TD-001: Trace Size Optimization¶
Status: Deferred
Created: 2026-01-13
Priority: Low
Estimated Effort: 15-20 days (full approach) / 4-6 days (simple approach)
Problem Statement¶
Trace JSON payloads are larger than necessary due to repetitive state objects. A simple "weather in zurich" request produces ~150KB of trace data because:
- State repetition: The same state fields are stored in both
inputandoutputof every observation - LLM prompt duplication: System prompts (~5KB each) appear identically across 5+ observations
- Memory domain bloat:
memory_domainandfacts_by_entityare copied verbatim through every observation
Example Breakdown (Weather Request Trace)¶
| Field | Size | Occurrences | Total |
|---|---|---|---|
memory_domain |
~8KB | 17 observations × 2 (in/out) | ~272KB uncompressed |
_llm_messages (system prompts) |
~5KB | 5 LLM calls | ~25KB |
facts_by_entity |
~3KB | 17 × 2 | ~102KB |
| Other fields | ~2KB | varies | ~30KB |
Note: PostgreSQL TOAST compression reduces actual storage to ~25-35KB, and we already compress for Redis transit (Phase 3).
Analysis¶
Does This Actually Matter?¶
| Factor | Impact | Assessment |
|---|---|---|
| Storage cost | PostgreSQL TOAST compresses to ~20-25% | Low impact |
| Redis transit | Already gzip compressed (Phase 3) | Already optimized |
| UI load time | 150KB over network | Marginal (gzip helps) |
| Developer experience | Large JSON hard to debug | Minor annoyance |
| Scale (10K traces/day) | ~90-130GB/year after compression | Manageable |
Verdict: Storage and performance costs are manageable.

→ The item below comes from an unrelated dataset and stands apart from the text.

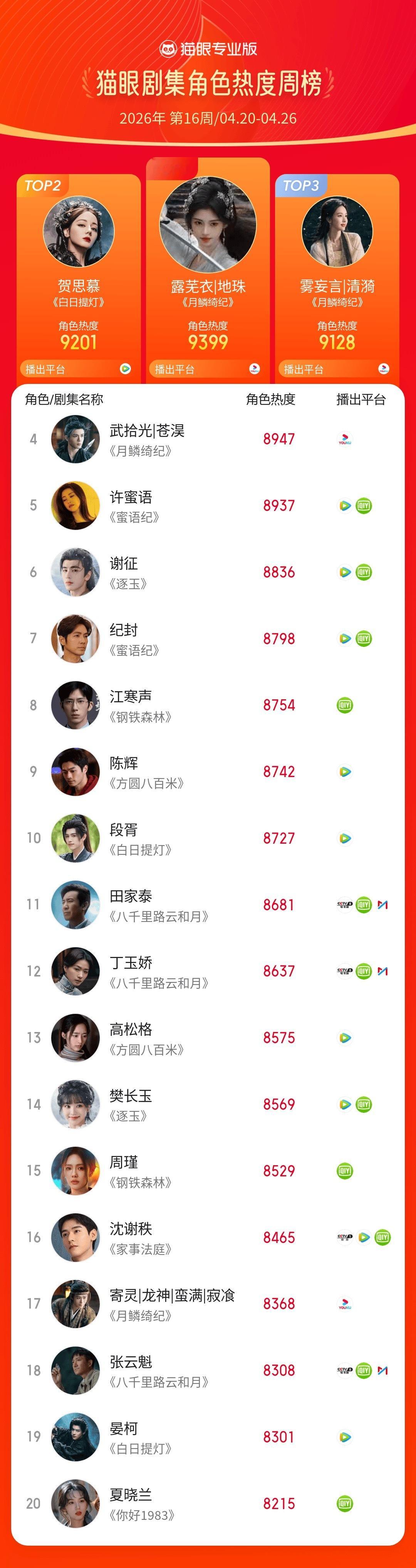 2026第16周猫眼角色热度榜猫眼专业版2026年第16周猫眼角色热度周榜TOP20🏅在《月鳞绮纪》中饰演的“露芜衣/地珠”登顶角色热度榜 鞠婧祎露芜衣角色热度冠军霸榜三周🥈在《白日提灯》中饰演的“贺思慕”位列第二 🥉在《月鳞绮纪》中饰演的“雾妄言/清漪”位列第三

This is a "nice to have" optimization, not urgent.
Why We're Deferring¶
- PostgreSQL already compresses JSONB via TOAST - we're not paying the full 150KB per trace
- Redis transit already optimized in Phase 3 with gzip compression
- High implementation complexity for marginal additional benefit
- Risk to critical features - Experiments feature needs exact state reconstruction
- Engineering time better spent on user-facing features
Proposed Solutions (When Revisiting)¶
Option A: Full Delta Architecture (High Complexity)¶
Store state as: baseline + deltas + content blobs
Trace
├── baseline_state (stored once)
├── content_blobs (deduplicated by hash)
│ ├── llm_prompt_abc123
│ └── tool_result_def456
└── observations
├── obs_1: { input_delta, output_delta, _llm_prompt_ref }
└── obs_2: { input_delta, output_delta }
Pros: Maximum size reduction (~75-80%) Cons: - Requires reconstruction logic in SDK, backend, AND frontend - High risk to Experiments feature (needs exact prompts) - ~15-20 days of work
Option B: Simpler Targeted Optimizations (Recommended)¶
- Extract LLM prompts to deduplicated storage (~50% reduction)
- Store
_llm_messagesseparately, reference by content hash -
Low risk - just moving data, not reconstructing
-
Only store changed fields in output (~20% additional reduction)
- If
output.memory_domain == input.memory_domain, don't include in output -
Input still has full state for reference
-
Lazy load heavy fields in UI
- Don't send
_llm_messages,tool_calls_resultsunless requested - Faster initial trace load
Combined reduction: ~60-70% with low risk
Implementation Notes (For Future Reference)¶
SDK Changes Needed¶
# Option B, Item 1: Extract LLM prompts
def _capture_output(self, state: dict) -> dict:
output = state.copy()
if "_llm_messages" in output:
prompt_hash = hashlib.sha256(
json.dumps(output["_llm_messages"]).encode()
).hexdigest()[:16]
self._publish_prompt_blob(prompt_hash, output["_llm_messages"])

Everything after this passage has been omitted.